In this example, Auto Optimizer will search for the best passes combination for different execution providers, e.g. CUDAExecutionProvider and TensorrtExecutionProvider.

  • For CUDAExecutionProvider, it will try float16 in OrtTransformersOptimization.

  • For TensorrtExecutionProvider, it will try trt_fp16 in OrtPerfTuning.

Here the available pass flows for given accelerator, execution providers and precision:

../_images/pass_flows.png

Auto Optimizer can catch up with manual settings in most cases, and it is more convenient to use.

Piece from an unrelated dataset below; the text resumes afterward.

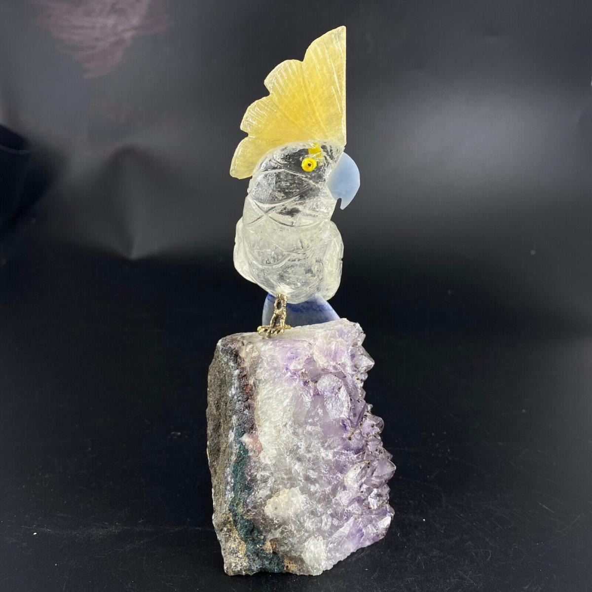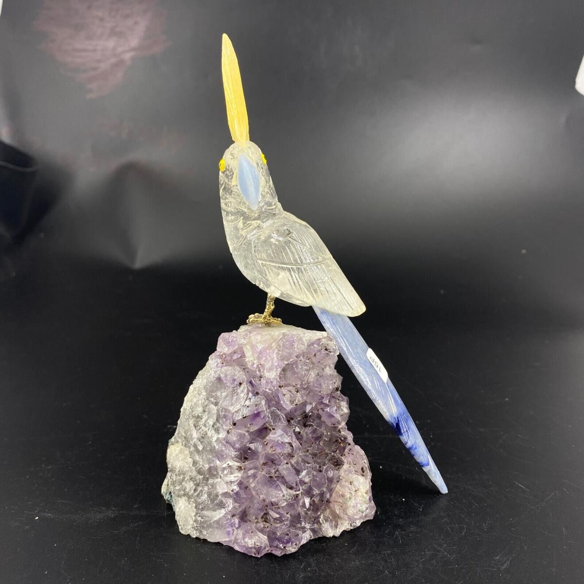 Natural Stone Handcarved Quartz Bird;bird Lenght: 192 mm;Bird with base Weight: 549 g;Material?Natural Quartz Crystal;

Here is another quick comparison between Auto Optimizer and manual settings.

 1{
 2    "input_model":{
 3        "type": "PyTorchModel",
 4        "config": {
 5            "hf_config": {
 6                "model_name": "Intel/bert-base-uncased-mrpc",
 7                "task": "text-classification",
 8                "dataset": {
 9                    "data_name":"glue",
10                    "subset": "mrpc",
11                    "split": "validation",
12                    "input_cols": ["sentence1", "sentence2"],
13                    "label_cols": ["label"],
14                    "batch_size": 1
15                }
16            }
17        }
18    },
19    "systems": {
20        "local_system": {
21            "type": "LocalSystem",
22            "config": {
23                "accelerators": [
24                    {"device": "gpu", "execution_providers": ["CUDAExecutionProvider", "TensorrtExecutionProvider"]}
25                ]
26            }
27        }
28    },
29    "evaluators": {
30        "common_evaluator": {
31            "metrics":[
32                {
33                    "name": "accuracy",
34                    "type": "accuracy",
35                    "backend": "huggingface_metrics",
36                    "sub_types": [
37                        {"name": "accuracy", "priority": 1, "goal": {"type": "max-degradation", "value": 0.01}},
38                        {"name": "f1"}
39                    ]
40                },
41                {
42                    "name": "latency",
43                    "type": "latency",
44                    "sub_types": [
45                        {"name": "avg", "priority": 2, "goal": {"type": "percent-min-improvement", "value": 20}},
46                        {"name": "max"},
47                        {"name": "min"}
48                    ]
49                }
50            ]
51        }
52    },
53    "engine": {
54        "search_strategy": {
55            "execution_order": "joint",
56            "search_algorithm": "tpe",
57            "search_algorithm_config": {
58                "num_samples": 1,
59                "seed": 0
60            }
61        },
62        "evaluator": "common_evaluator",
63        "host": "local_system",
64        "target": "local_system",
65        "cache_dir": "cache",
66        "output_dir" : "models/bert_gpu"
67    }
68}

Note

In this example, Auto Optimizer can use default settings to catch up with manual settings. Auto Optimizer is aware of following rules which requires expert knowledge in manual settings:

  1. For CUDAExecutionProvider:
    • it would be better to disable enable_trt_fp16 and enable enable_cuda_graph in OrtPerfTuning pass, and enable float16 in OrtTransformersOptimization pass.

  2. For TensorrtExecutionProvider:
    • it would be better to enable enable_trt_fp16 and disable enable_cuda_graph in OrtPerfTuning pass, and disable float16 in OrtTransformersOptimization pass.

  3. At the same time, for both CUDAExecutionProvider and TensorrtExecutionProvider:
    • it would be better to enable io_bind in OrtPerfTuning pass.